ジャパンビバレッジは1台の自販機に複数のメーカーの商品を扱う混載機が主力となっている。混載機では、売れない自社製品を並べるよりも他社製品を並べることで徴収する“場所代”の方がもうかる。つまり、JTは昨夏の時点で既に自社製品を売ることを半ば諦めていたのだ。結果は数字に表れ、昨年7月の自社製品の販売数量が前年比92%であったのに対し、8月は81%に低下。今年1月には73%にまで落ち込んでいた。
出資合戦の様相も
「どこがジャパンビバレッジと組むのか」──。発表当日、ライバルメーカー幹部の関心は、この一点に集中した。JTの飲料撤退に伴い、ジャパンビバレッジ(JTの出資比率は66.7%)を売却するとの観測が広がったのだ。JT幹部は「既に買収、出資の申し込みが殺到している」と話す。

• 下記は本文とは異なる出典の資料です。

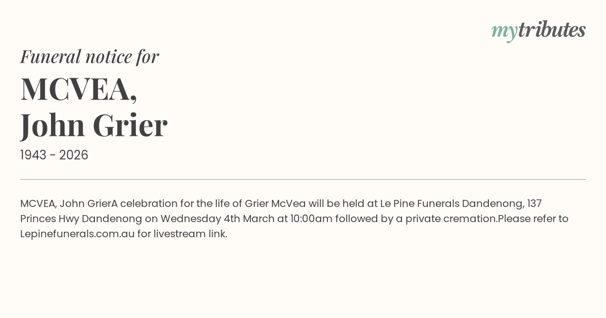 A celebration for the life of Grier McVea will be held at Le Pine Funerals Dandenong, 137 Princes Hwy Dandenong on Wednesday 4th March at 10:00am followed by a private cremation.

かねて、ジャパンビバレッジは飲料業界再編の核となると目されてきた。主要株主であるサントリー食品インターナショナル、キリンビバレッジのほか、収益性の高い自販機26万台を狙って、第三極も加わった出資合戦となる可能性もある。
折しも、大塚食品が提携相手をネスレからアサヒ飲料へと組み替えるなど、飲料業界の再編機運は高まっている。JTの飲料撤退を契機に、長らくくすぶり続けてきた飲料業界の再編ドミノがいよいよ始まりそうだ。